-
Notifications
You must be signed in to change notification settings - Fork 1
Documenting Code
Proper documentation is crucial for ensuring code reproducibility. It allows colleagues and reviewers to fully understand your rationale, methods, and outputs. While there are many ways to document code, here are some recomendations:
Scripts should start with a header that includes the following components:
| Component | Description |
|---|---|
| Title | A brief and descriptive name for the script that summarizes its purpose. |
| Author | The name of the person or team responsible for writing the code. |
| Date | The creation or last modification date of the code, formatted as YYYY-MM-DD for consistency. |
| Inputs | A list of the input data, files, or parameters required for the script to run, including file paths or formats. |
| Outputs | A description of the output produced by the script, including file names, formats, and what the results represent. |
| Notes | A concise explanation of what the code does, its purpose, and any important details about its function. You can also use this section to list proposed improvements for the code for future iterations. |
Example header in YAML-like format:
# ---
# title: "Title"
# author: "Your Name"
# created: "YYYY-MM-DD"
# inputs: [list the required input files]

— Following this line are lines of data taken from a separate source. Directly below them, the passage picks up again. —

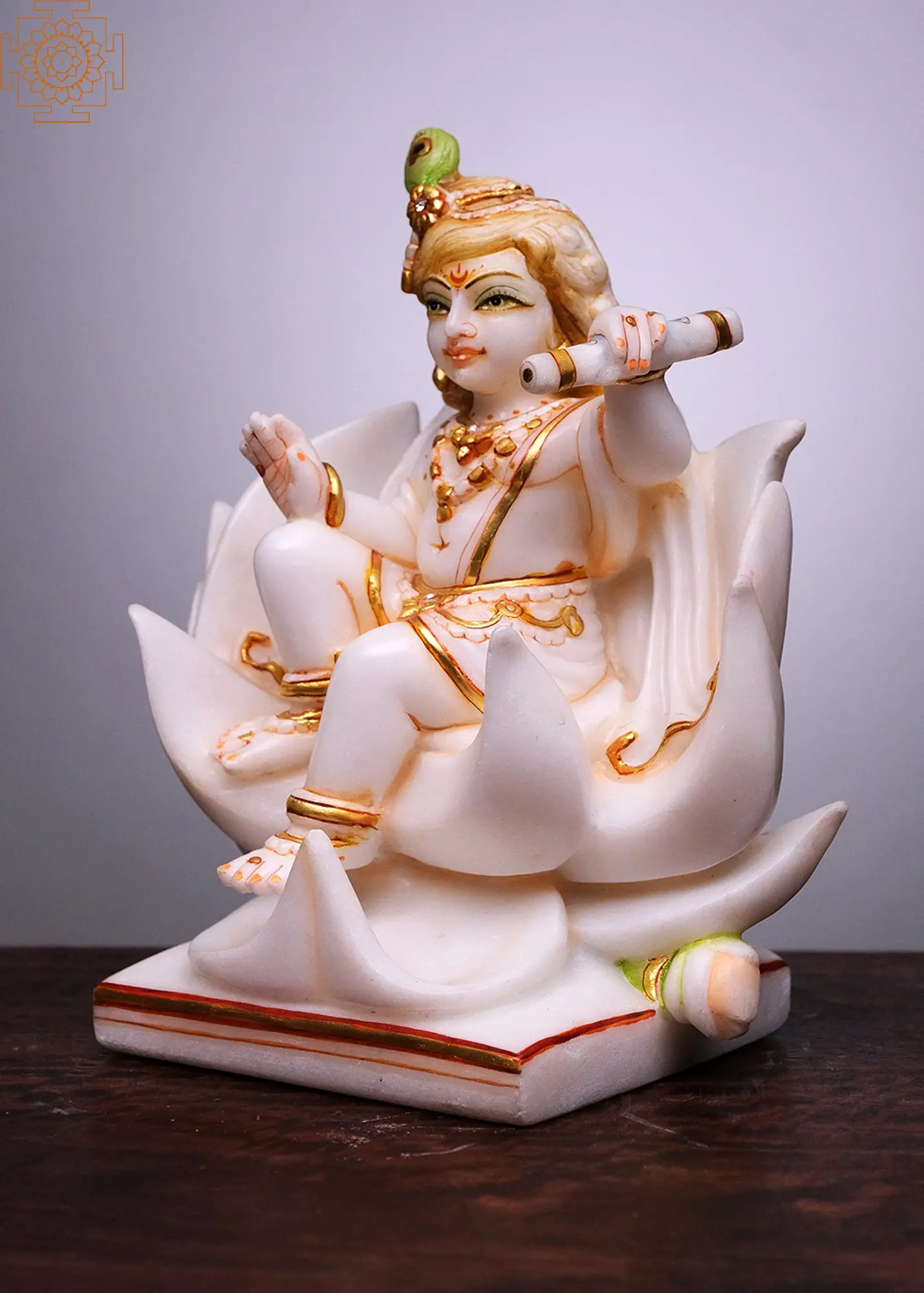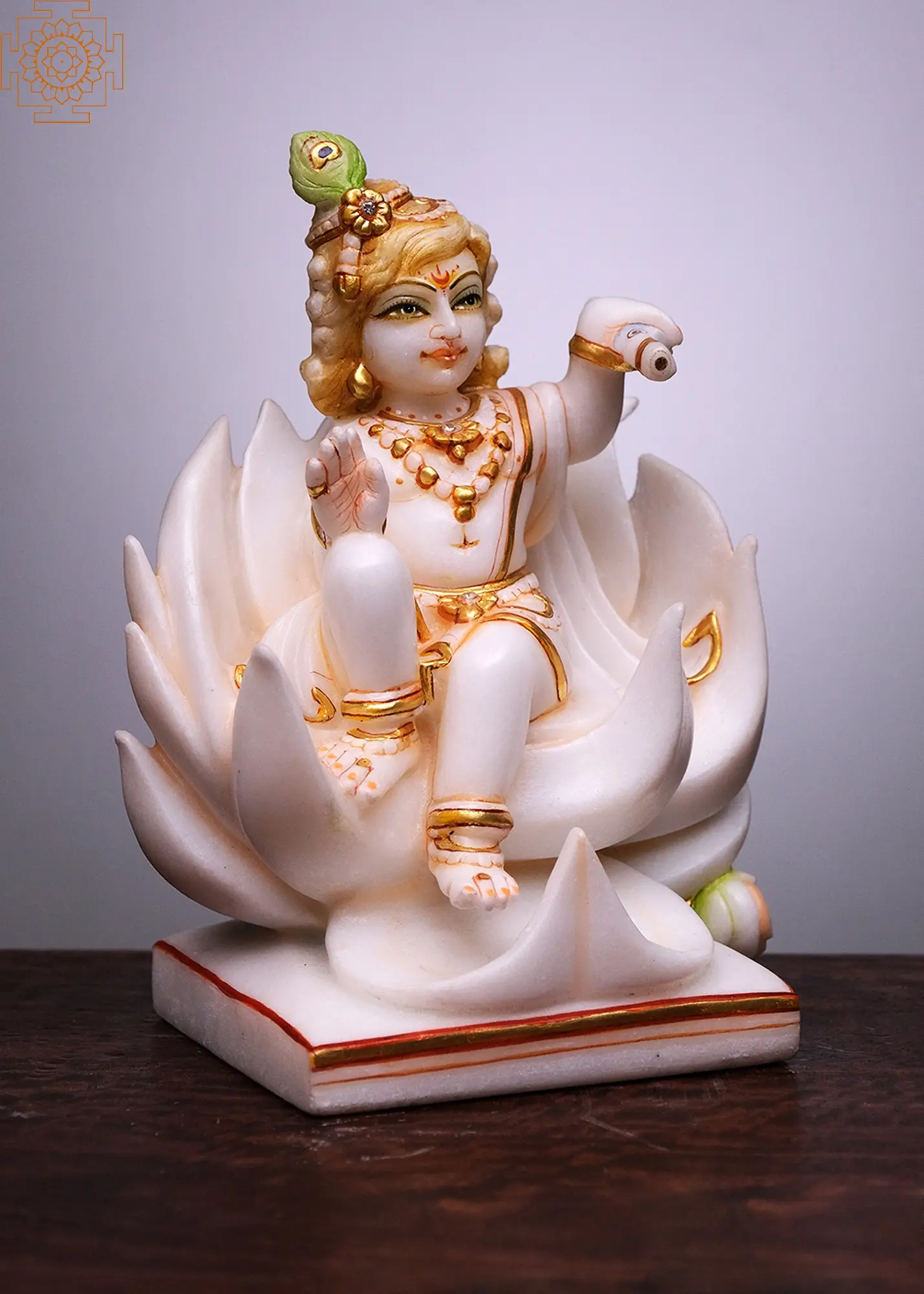 9" Bal Krishna Sitting on Lotus | Handmade | White Marble Krishna | Lord Krishana Idol | Kanha Murty | Gopala | Govinda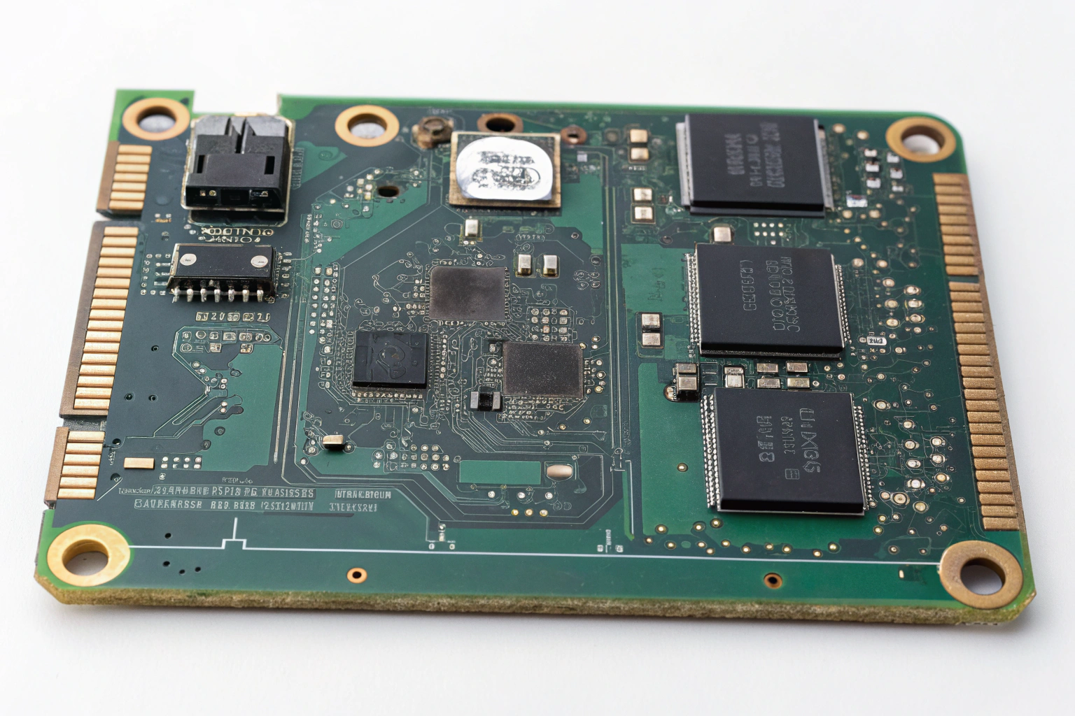 Corrosion often starts under components or connectors where it is hard to see. Over time, copper is eaten away, breaking traces or vias.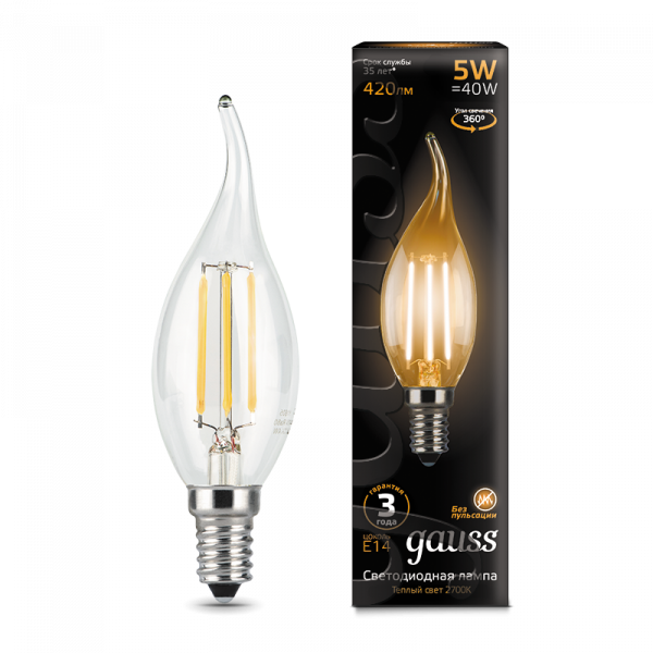 Лампа светодиодная C37T 5W 220V E14 2700K Gauss Filament 1/10/50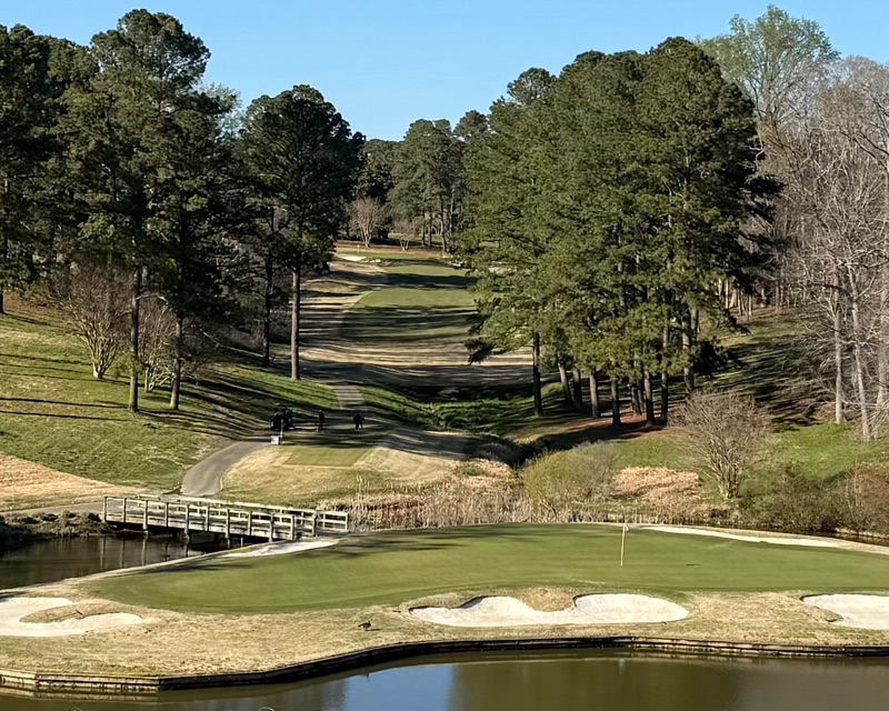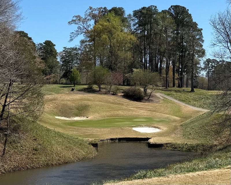 When RTJ sr designed this course, he stated it was one of his best efforts. Besides the four valley holes (2,7,12,16) one would point at 5,10,13,17,18 as very strong. The course is tight and requires you to shape your drive into the fairway. The tenth is a long par four that forces your hand to hit a long fade with a ravine on the right and trees left. The seventeenth is unbelievably tight as it is a narrow chute for 100+ yards. (The back tee is claustrophobic) Eighteen is a bit out of character with the rest of the course but only because the left side of the fairway leaves a pseudo blocked out shot. You’ll have to hit a controlled draw that takes the bank of the fairway and rolls to the green. It’s exactly the type of course you’d expect from the 1960s.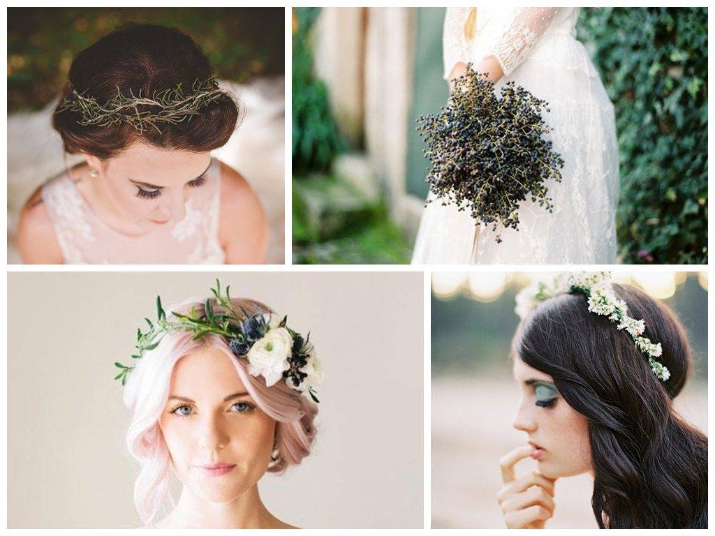 Небрежные натуральные локоны, нетугой пучок – любая разновидность «управляемого хаоса» будет хорошим вариантом для причёски невесты. Освежит образ венок из живых цветов. Вместо цветов его можно сплести их веточек, трав и листьев.
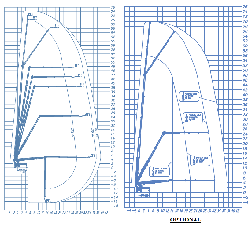 Equipped as standard with a multi-zone stabilization system that allows the operator to choose between different options depending on the available space for the truck; In addition, the rear stabilizing crossmembers have 2 hydraulic extensions that increase the stabilization area and, therefore, the maximum performance of the equipment.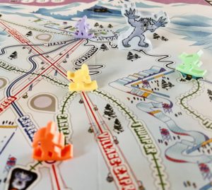 – Au cours du jeu, un Yéti est activé lorsque l’on joue des cartes Joker. Si un seul joker est posé, le yéti doit être déplacé sur une piste la rendant impraticable. C’est idéal pour bloquer les autres ! Par contre si un joueur utilise deux jokers, une avalanche se déclenche faisant descendre tous les skieurs d’un niveau. Dommage que ce yéti ou l’avalanche, ne soient pas déclenchés plus régulièrement car ils apportent une bonne tension aux parties. Parfois on ne les utilise pas de tout et cela se ressent.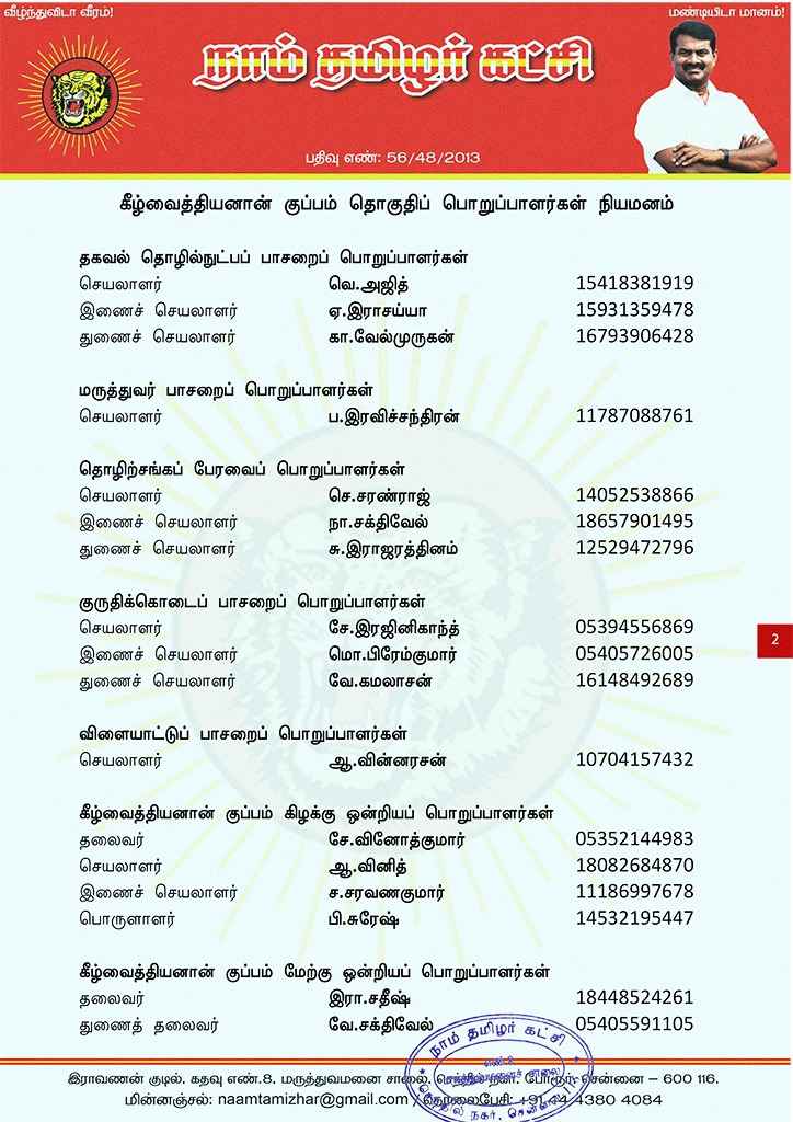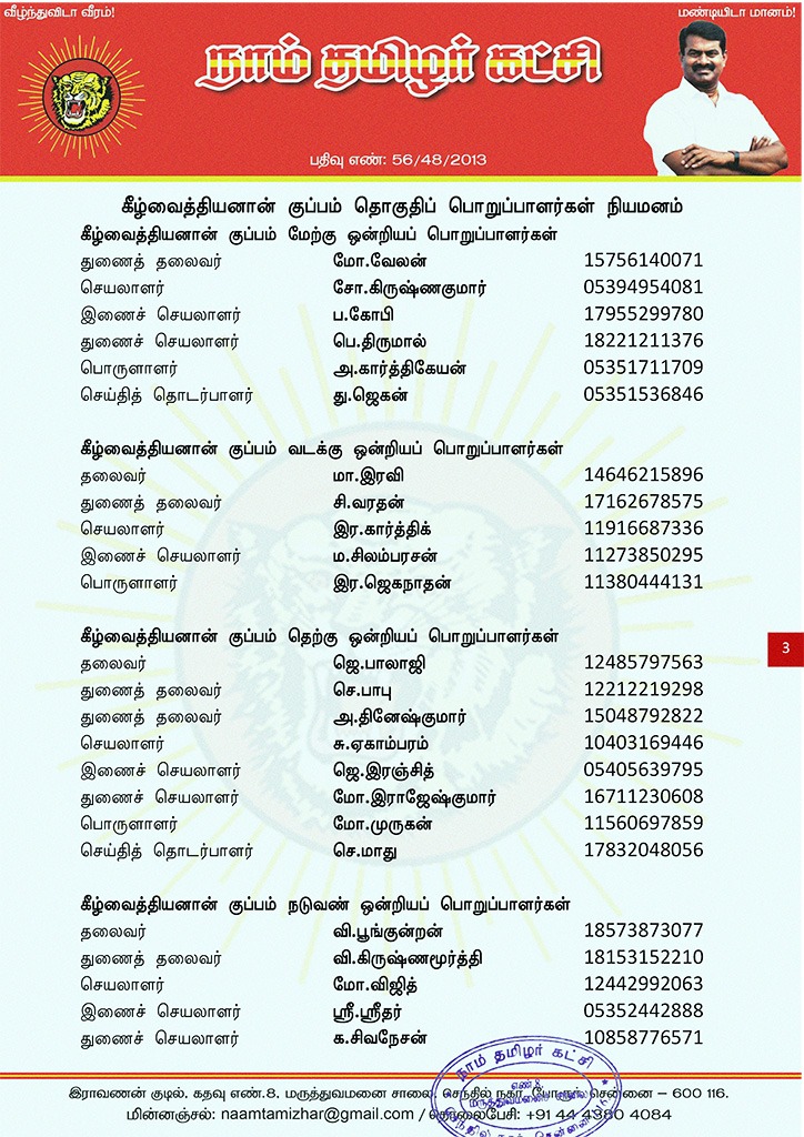 மேற்காண் அனைவரும் நாம் தமிழர் கட்சி – கீழ்வைத்தியனான் குப்பம் தொகுதிப் பொறுப்பாளர்களாக நியமிக்கப்படுகிறார்கள். இவர்கள் அனைவருக்கும், கட்சியின் அனைத்துநிலைப் பொறுப்பாளர்களும், அன்பு உறவுகள் அனைவரும் முழு ஒத்துழைப்பு நல்குமாறு அன்போடு கேட்டுக் கொள்ளப்படுகிறார்கள்.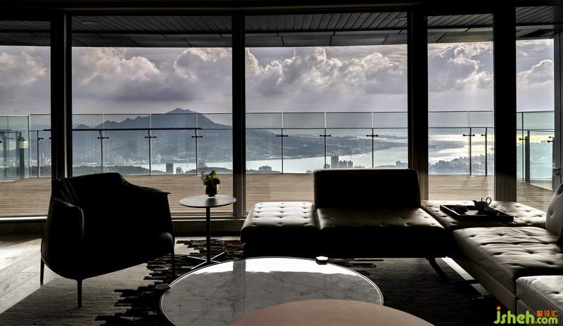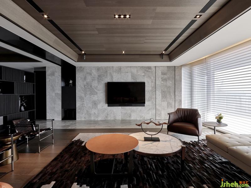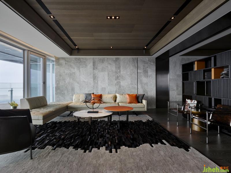 溫和木質與石墻延伸至用餐區(qū)域,墻面延伸至天花板的黑鏡框架區(qū)分了客廳與用餐區(qū)域,鏡面圓桌反射出上方的燈具,有如靜止的水面照映出天空的云朵,墻面的植栽畫作點綴了畫面,彷佛與遠方的山對話著,讓用餐空間的流動感在溫潤的氛圍中被表達出來。墻面的垂直分割與地坪的水平線條彼此呼應,兩者有著和諧的對應關系,但讓空間更為理性與內斂。室內設計師

# outputs: [list the output files produced by the script]
# notes:
# "This script performs [describe the main purpose of the script].
# The script uses [briefly describe data or object inputs] to
# [briefly describe the main steps or processes]. The script
# produces [describe the final output]."
# ---
The body of your script should be divided into clear, well-labeled, numbered sections for easy navigation:
Start with a setup section. This section will usually include the following subsections:
- Load packages: List all the required R packages, each accompanied by a comment explaining their use and package version.
## 1.1 Load packages ----
library(tidyverse) # data manipulation and visualization (version: 1.3.1)
library(lubridate) # date-time manipulation (version: 1.7.10)- Import data: Describe the data and objects that are being loaded.
## 1.2 Import data ----
# Description of data
# data <- read.csv("path/to/your/data.csv")Each subsequent section of the script should include a descriptibve numbered heading. Beneath the heading, include a comment describing the section's purpose. This makes it easier for others to understand the logical flow of the script. For example:
# 2. Data Cleaning ----
# This section handles the preprocessing and cleaning of the input
# data. It removes missing values, filters unnecessary rows, and
# transforms variables.Subdivide sections as needed with descriptive numbered subheadings:
## 2.1 Filter data ----
# This step filters the data to keep only relevant observations.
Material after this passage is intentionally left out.